A newly developed evidence-based set of recommendations and an algorithm for pharmacotherapy-based pain management in inflammatory arthritis achieved a high level of agreement among a multinational panel of rheumatologists who constitute the 2010 3e Initiative, according to a report presented by Dr. Samuel Whittle at the annual European Congress of Rheumatology.
The 3e (Evidence, Expertise, Exchange) Initiative is a multinational collaboration that aims to promote evidence-based medicine in rheumatology. For recommendations that address pain management by pharmacotherapy in inflammatory arthritis (IA), 89 of 453 rheumatologists from 17 countries who were involved in the initiative developed a list of 10 top clinical questions regarding medical treatment for IA pain.
Based on a systematic literature review performed for each question – ultimately including data from 167 relevant studies – rheumatologists from each country that was represented developed a set of national recommendations, and then multinational recommendations were formulated and assessed for agreement, reported Dr. Whittle of the Queen Elizabeth Hospital near Adelaide, Australia.
The panel made 11 recommendations in total. One of the original 10 questions was addressed by two separate systematic reviews. Six of the recommendations address the role of different analgesic medications, including combination therapy; two address pain-medication safety in patients with gastrointestinal, hepatic, renal, and cardiac comorbidities; one addresses pain measurement scales; one addresses pain management during the preconception period, pregnancy, and lactation; and one addresses the safety of analgesics in combination with methotrexate.
The level of agreement on the recommendations by the panel members ranged from 8.5 to 9.3 (mean, 8.9) on a 1- to 10-point scale.
"Although this level of agreement is quite high, it is not a particularly surprising finding," said Dr. Alexandra Colebatch, one of the authors of the report. Previous recommendations from the 3e initiative have had a mean level of agreement of 8.7 (range, 7.4-9.1) (Ann. Rheum. Dis. 2011;70:15-24) and 8.7 (range, 7.8-9.4) (Ann. Rheum. Dis. 2011;70:388-9)."

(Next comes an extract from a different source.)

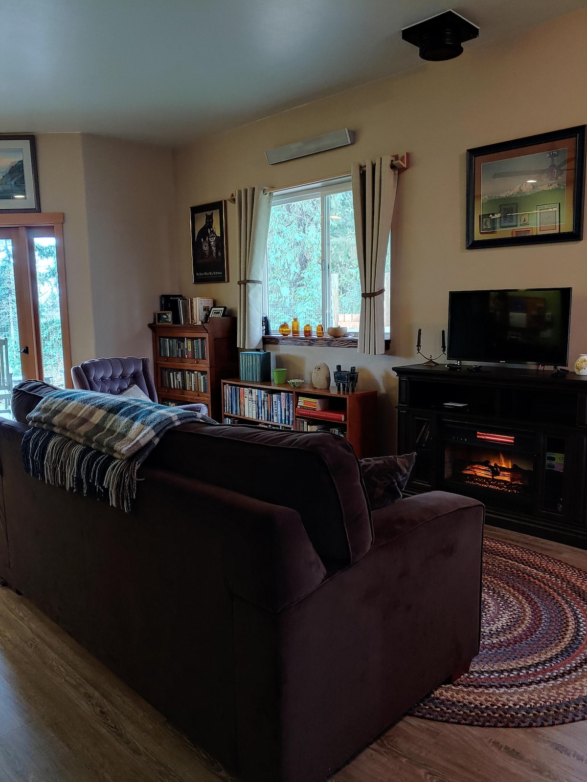 Maison confortable et calme de 900 pieds carrés, 1 chambre, 1 salle de bain, pas d'escaliers. Située sur 10 acres boisés surplombant Holmes Harbor. À 15 minutes à pied du centre-ville de Freeland et à 5 minutes en voiture de la plage de Double Bluff. Une cour arrière clôturée avec patio est un endroit idéal pour déguster une tasse de café ou un verre de vin, tout en observant la faune. Cuisine bien équipée pour ceux qui aiment cuisiner. Accessible en fauteuil roulant partout. À dix miles du ferry de Clinton. Venez vous détendre et vous ressourcer à High Ground. WiFi en streaming uniquement.

As for the algorithm developed for the pharmacologic management of pain, most (75%) of the rheumatologists said it was in accordance with their current practice, whereas 20% reported that it would change their practice, according to Dr. Whittle.

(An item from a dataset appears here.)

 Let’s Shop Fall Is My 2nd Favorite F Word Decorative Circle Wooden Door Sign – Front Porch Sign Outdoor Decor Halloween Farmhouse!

In addition to the main treatments to use in this patient population, the algorithm lists several points to consider, including type of pain, residual inflammation, comorbidities, patient preference, and addictive potential, and also includes adjuvant therapeutic options (such as tricyclic antidepressants and neuromodulators) to consider in these patients.
The evidence-based nature of these recommendations and the related algorithm, as well as the level of support demonstrated by the 3e initiative panel, suggest that they will have great utility in clinical practice, he concluded.
The individual systematic reviews are due to be published later this year, and the full recommendations and algorithm paper will be published soon, Dr. Colebatch said; 3e has previously addressed the investigation and follow-up of undifferentiated peripheral IA, and the use of methotrexate in rheumatic disorders with a focus on rheumatoid arthritis, she noted.
The panel’s 11 recommendations for pharmacotherapy pain management in IA are the following:
• In patients with IA, pain should be measured routinely using one of the following validated scales: visual analogue scale, numerical rating scale, or verbal rating scale. In addition, consider multidimensional measures or site-specific tools as needed.
• Paracetamol is recommended for the treatment of persistent pain in patients with IA.
• Systemic glucocorticoids are not recommended for the routine management of pain in patients with IA in the absence of signs and symptoms of inflammation.
• In the treatment of pain in IA, tricyclic antidepressants and neuromodulators may be considered for use as adjuvant treatment; muscle relaxants and benzodiazepines cannot be recommended.
• Weak opioids may be used for short-term treatment of pain in patients with IA when other therapies have failed or are contraindicated; long-term use may be considered and should be regularly reviewed. Strong opioids should be used only in exceptional cases.
• In patients with an inadequate response to paracetamol or NSAID monotherapy, the addition of a drug with a different mode of action could be considered; combination of two or more NSAIDs should not be used.
• NSAIDs should be used at the lowest effective dose, either continuously or on demand, according to clinical circumstances.
• Existing guidance regarding the safety of pain pharmacotherapies during preconception, pregnancy, and lactation should be applied.
• In the management of patients with IA, methotrexate can be used safely in combination with standard doses of paracetamol and/or NSAIDs (excluding anti-inflammatory doses of aspirin).